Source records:
========
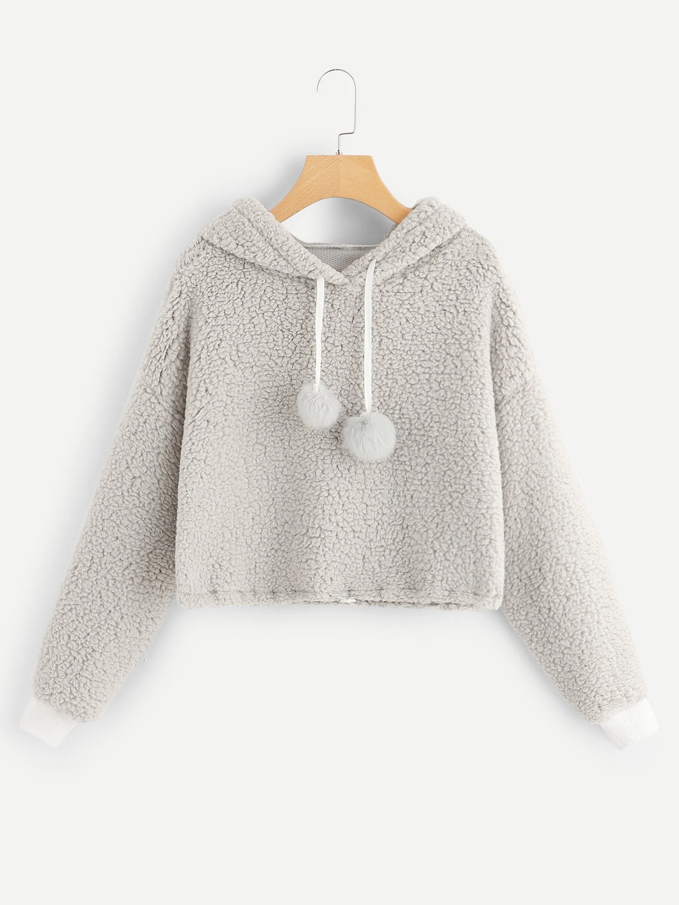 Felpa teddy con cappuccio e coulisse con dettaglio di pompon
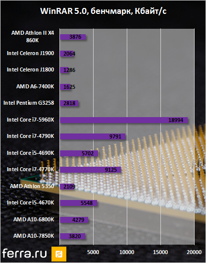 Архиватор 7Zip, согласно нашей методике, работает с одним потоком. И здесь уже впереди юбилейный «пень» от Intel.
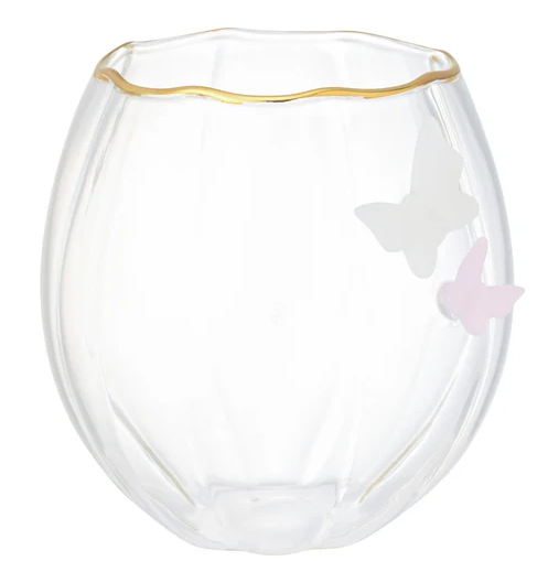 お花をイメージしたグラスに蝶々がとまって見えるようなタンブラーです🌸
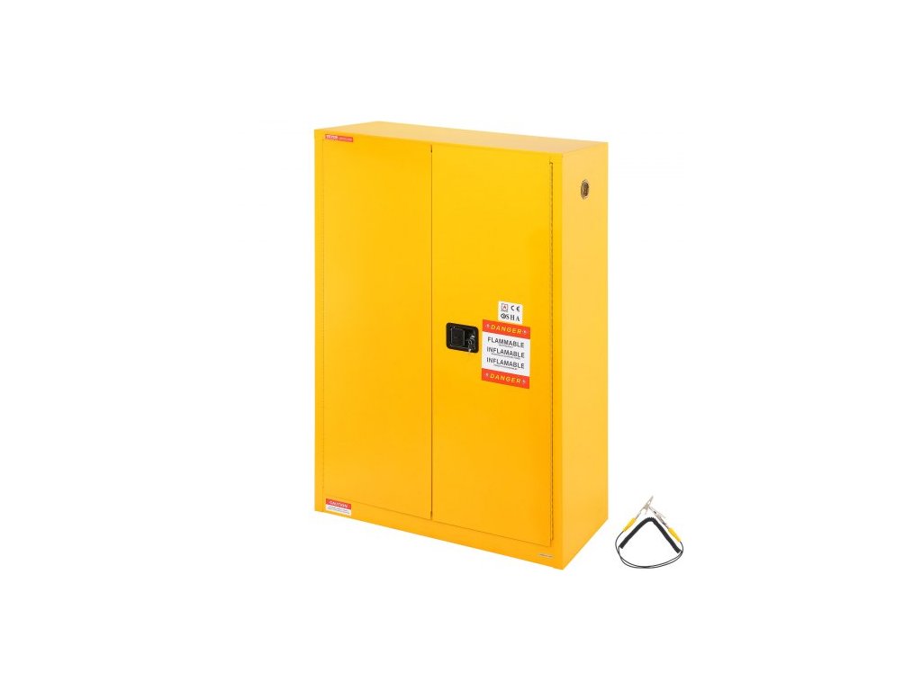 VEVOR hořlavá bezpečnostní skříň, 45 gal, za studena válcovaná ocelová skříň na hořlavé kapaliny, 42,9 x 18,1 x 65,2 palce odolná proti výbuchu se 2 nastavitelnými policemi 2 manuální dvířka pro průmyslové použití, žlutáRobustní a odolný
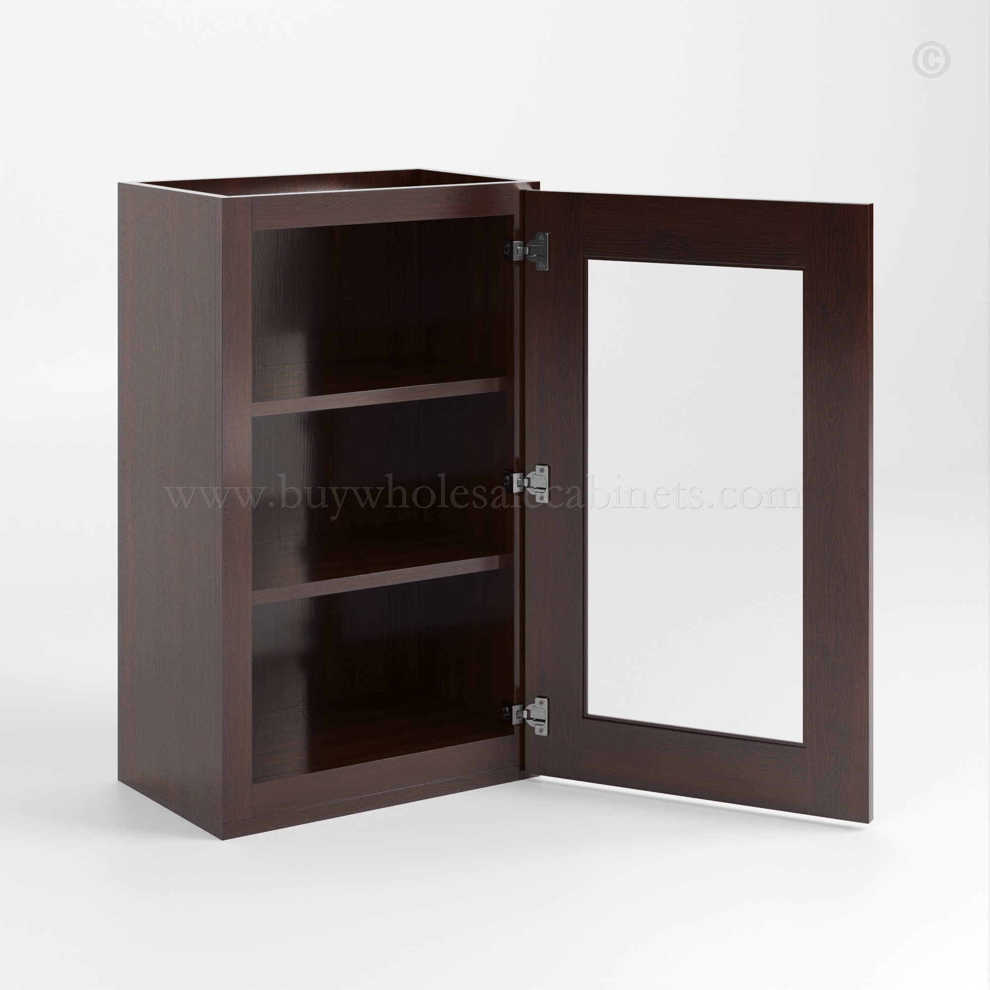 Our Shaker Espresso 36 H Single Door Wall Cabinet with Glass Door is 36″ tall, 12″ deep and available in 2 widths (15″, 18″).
========
WHAT TO WORK ON —
Set the pictures aside and reproduce the data above exactly.

RESPONSE AREA —
 Felpa teddy con cappuccio e coulisse con dettaglio di pompon
 Архиватор 7Zip, согласно нашей методике, работает с одним потоком. И здесь уже впереди юбилейный «пень» от Intel.
 お花をイメージしたグラスに蝶々がとまって見えるようなタンブラーです🌸
 VEVOR hořlavá bezpečnostní skříň, 45 gal, za studena válcovaná ocelová skříň na hořlavé kapaliny, 42,9 x 18,1 x 65,2 palce odolná proti výbuchu se 2 nastavitelnými policemi 2 manuální dvířka pro průmyslové použití, žlutáRobustní a odolný
 Our Shaker Espresso 36 H Single Door Wall Cabinet with Glass Door is 36″ tall, 12″ deep and available in 2 widths (15″, 18″).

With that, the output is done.